**Your task**
Please set down exactly the lines of the listing below from the line containing "Primary color is" through the line containing "千葉大学大学院医学研究院の田", both lines included, leaving out all other lines.

**Data shown**
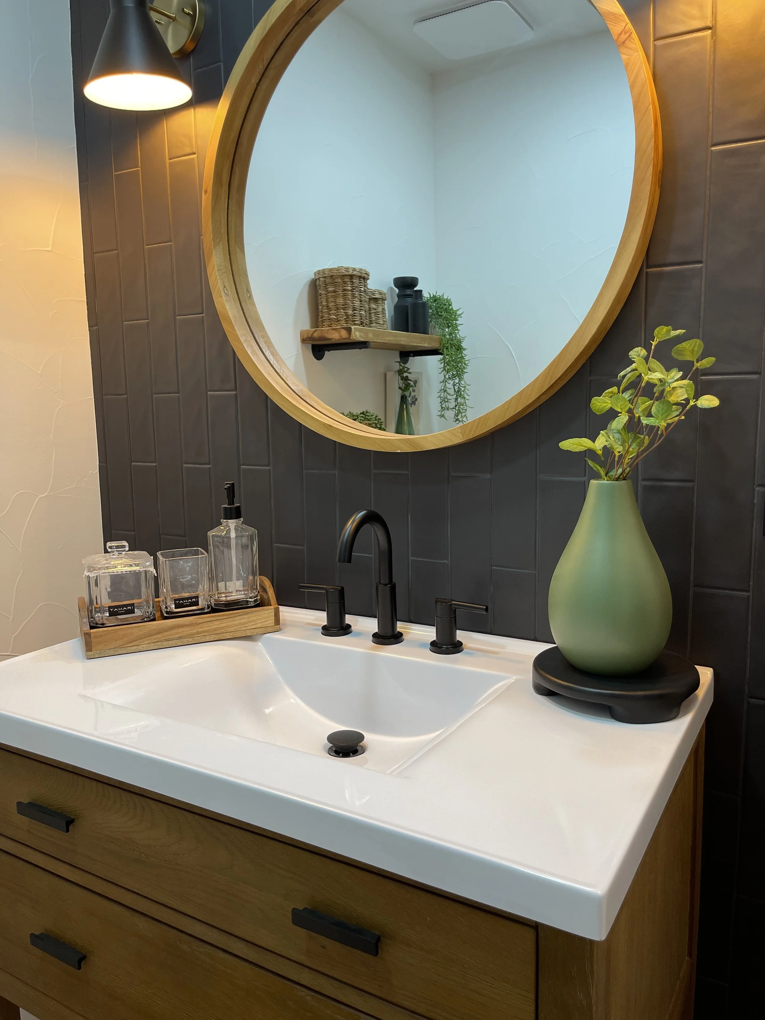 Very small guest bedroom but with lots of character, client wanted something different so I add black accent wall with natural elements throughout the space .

--

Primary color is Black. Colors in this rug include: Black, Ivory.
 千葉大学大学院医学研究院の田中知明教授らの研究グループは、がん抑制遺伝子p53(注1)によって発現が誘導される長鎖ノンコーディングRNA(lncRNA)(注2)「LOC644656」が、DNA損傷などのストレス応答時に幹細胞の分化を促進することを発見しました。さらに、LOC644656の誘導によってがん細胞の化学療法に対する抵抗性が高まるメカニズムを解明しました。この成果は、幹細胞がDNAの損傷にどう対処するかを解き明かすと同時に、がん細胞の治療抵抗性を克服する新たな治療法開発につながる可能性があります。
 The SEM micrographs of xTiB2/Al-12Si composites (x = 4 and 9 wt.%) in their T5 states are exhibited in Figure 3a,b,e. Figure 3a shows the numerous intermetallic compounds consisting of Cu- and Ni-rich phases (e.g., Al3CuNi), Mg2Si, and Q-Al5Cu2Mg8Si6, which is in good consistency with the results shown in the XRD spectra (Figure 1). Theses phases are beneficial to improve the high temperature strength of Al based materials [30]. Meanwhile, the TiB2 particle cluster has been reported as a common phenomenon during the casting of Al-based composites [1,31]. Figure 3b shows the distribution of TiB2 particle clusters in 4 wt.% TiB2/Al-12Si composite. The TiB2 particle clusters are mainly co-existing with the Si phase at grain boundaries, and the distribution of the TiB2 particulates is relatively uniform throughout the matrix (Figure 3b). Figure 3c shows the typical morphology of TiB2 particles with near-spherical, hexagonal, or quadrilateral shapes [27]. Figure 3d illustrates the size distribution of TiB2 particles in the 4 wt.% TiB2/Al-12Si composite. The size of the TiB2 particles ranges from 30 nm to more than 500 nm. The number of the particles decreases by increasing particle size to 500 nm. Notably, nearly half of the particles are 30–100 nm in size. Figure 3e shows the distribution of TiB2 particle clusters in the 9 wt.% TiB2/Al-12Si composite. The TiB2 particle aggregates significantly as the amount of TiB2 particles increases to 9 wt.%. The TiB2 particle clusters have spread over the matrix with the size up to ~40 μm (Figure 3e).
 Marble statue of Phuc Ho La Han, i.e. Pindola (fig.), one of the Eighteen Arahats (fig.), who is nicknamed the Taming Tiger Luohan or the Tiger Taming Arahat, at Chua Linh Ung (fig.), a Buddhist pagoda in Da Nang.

**Response to the exercise**
Primary color is Black. Colors in this rug include: Black, Ivory.
 千葉大学大学院医学研究院の田中知明教授らの研究グループは、がん抑制遺伝子p53(注1)によって発現が誘導される長鎖ノンコーディングRNA(lncRNA)(注2)「LOC644656」が、DNA損傷などのストレス応答時に幹細胞の分化を促進することを発見しました。さらに、LOC644656の誘導によってがん細胞の化学療法に対する抵抗性が高まるメカニズムを解明しました。この成果は、幹細胞がDNAの損傷にどう対処するかを解き明かすと同時に、がん細胞の治療抵抗性を克服する新たな治療法開発につながる可能性があります。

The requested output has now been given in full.